Did it matter, if doing it kept both names together from knowing the whole of the truth?

So it was getting hard to sleep. Audiobooks on a loop, a couple of glasses of wine and a suspicion that she was getting a bit reliant on that or some other chemical means to smooth the way. Longer walks with Petitcru; longer sprints as Joy; longer days at the pool as Elaine. Anything to make exhaustion a little easier to grab at. To sleep well, Gouvernail had said, was the reward of those who did the duty of the Garde well. She'd said she always slept well, and it was more or less true at the time.

Gouvernail noticed, of course. He was damnably observant when he wanted to be, for all he could pointedly ignore whatever he chose and make you aware he was doing it without saying a word. He watched her lackluster swing of her arm, and although he offered a word of what was almost praise for her improvement it was only to lead in to asking whether she was well.
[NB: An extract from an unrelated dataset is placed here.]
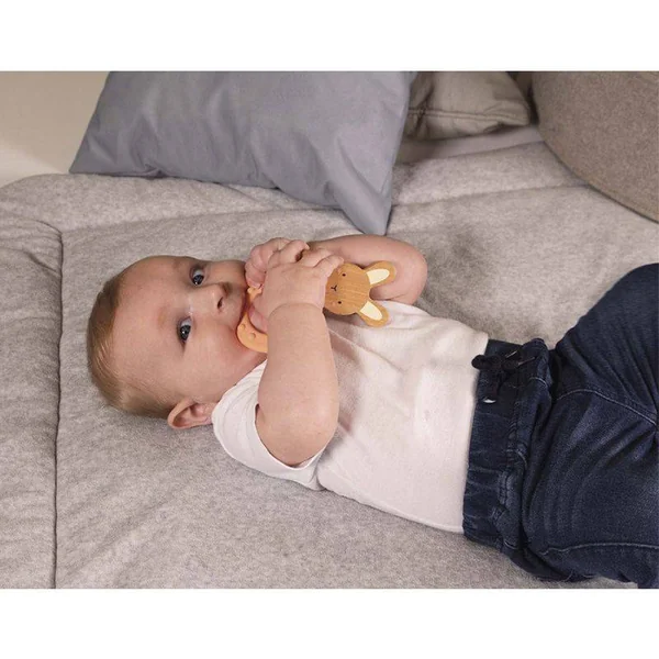 Cet anneau de dentition en silicone avec picots en relief est accompagné d’un petite tête de lapin en bois.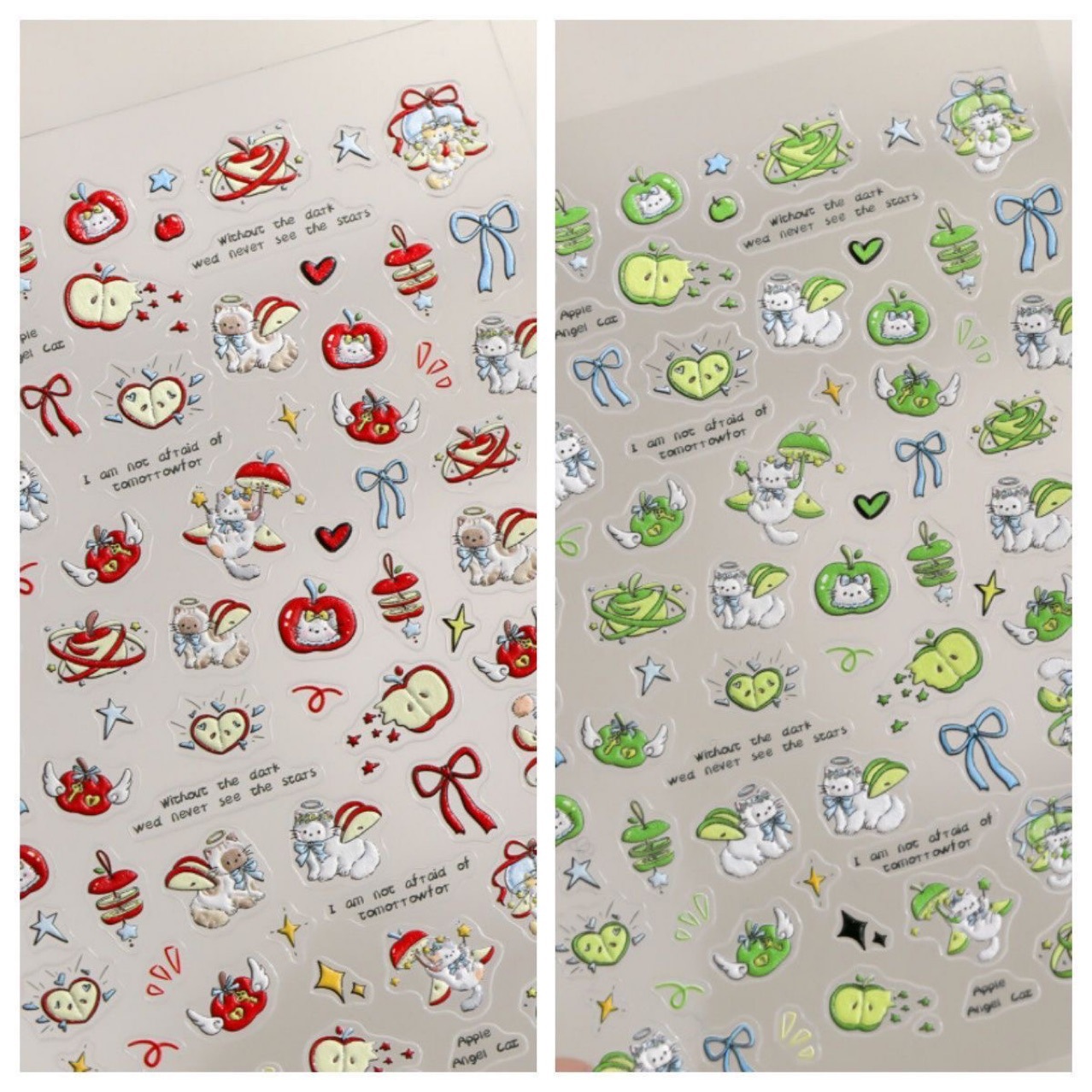 新しいかわいいリンゴ猫レリーフネイルシール5d立体青リンゴ赤リンゴdiyペン棒ccd爪

“I’m fine,” she said stubbornly, but she began coiling up the whip. The wiser thing to do would probably be to leave it there, but she did not want to be wise. She wanted to be reckless and stupid. She wanted to make bad decisions. If she had not penciled in this entire day for the Garde - had not brought Petitcru along to enjoy her frolic around the bailey and nap in the chapel; had not brought food to eat - she would perhaps even tonight be in a club somewhere making enjoyably bad decisions.

Instead she opted to be productive, and without even bothering to tell him her plans she gathered up what tools were available to her and headed towards the boathouse. It was never any use telling him anyway. He would either argue with her or he wouldn’t; either way he would dog her heels in all his useless omnipresence.

It was still morning; a mist still hung around the river. She was grateful for it, as her strained temper perhaps could not have endured the hardship of the beating sun and the heat. When she threw herself mutely into the hard work of clearing the brush that kept her from launching the boat, she tried to ignore the constant ghostly figure lurking in her periphery - one that she knew, without looking at him, watched her with his hand pressed to his side, his back straight and his demeanor grave. She did not speak to him this time, forcing a conversation through her breathless work; she struggled, and succumbed to the physical ease provided by being in her powered skin rather than the comfort of being Elaine, and perhaps this, too, fueled her stubborn silence - or his own silent deference to it.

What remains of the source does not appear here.